● **PROVIDED MATERIAL**
· · ·
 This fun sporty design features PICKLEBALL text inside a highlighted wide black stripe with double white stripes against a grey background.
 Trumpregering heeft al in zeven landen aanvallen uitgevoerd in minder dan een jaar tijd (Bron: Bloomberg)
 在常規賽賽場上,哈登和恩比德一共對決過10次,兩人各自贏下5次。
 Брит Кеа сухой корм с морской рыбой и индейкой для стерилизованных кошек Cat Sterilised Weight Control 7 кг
· · ·
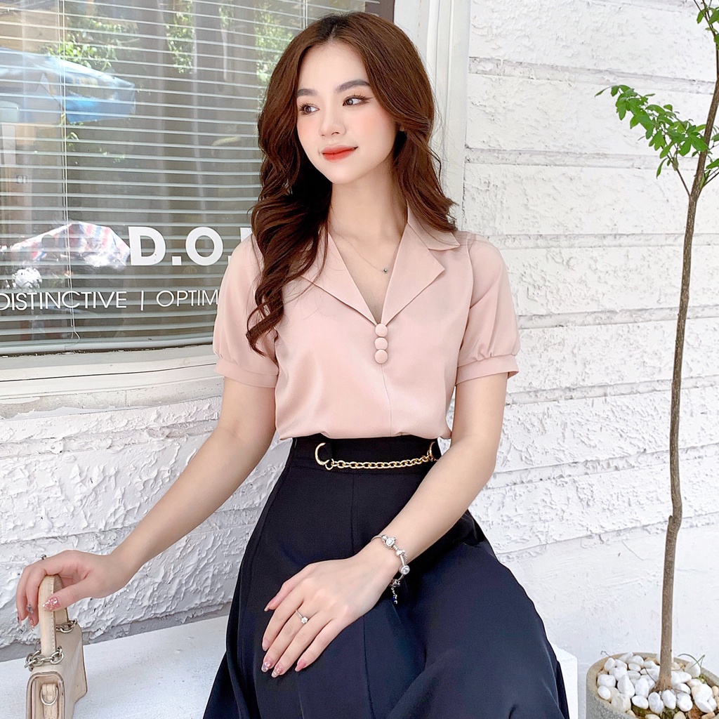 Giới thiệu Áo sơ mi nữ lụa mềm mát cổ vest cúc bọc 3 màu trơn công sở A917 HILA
· · ·
● **TO DO**
An exact, complete copy of the lines above from the one with "This fun sporty" through the one with "Брит Кеа сухой" is the whole answer.

● **SOLVED EXERCISE**
 This fun sporty design features PICKLEBALL text inside a highlighted wide black stripe with double white stripes against a grey background.
 Trumpregering heeft al in zeven landen aanvallen uitgevoerd in minder dan een jaar tijd (Bron: Bloomberg)
 在常規賽賽場上,哈登和恩比德一共對決過10次,兩人各自贏下5次。
 Брит Кеа сухой корм с морской рыбой и индейкой для стерилизованных кошек Cat Sterilised Weight Control 7 кг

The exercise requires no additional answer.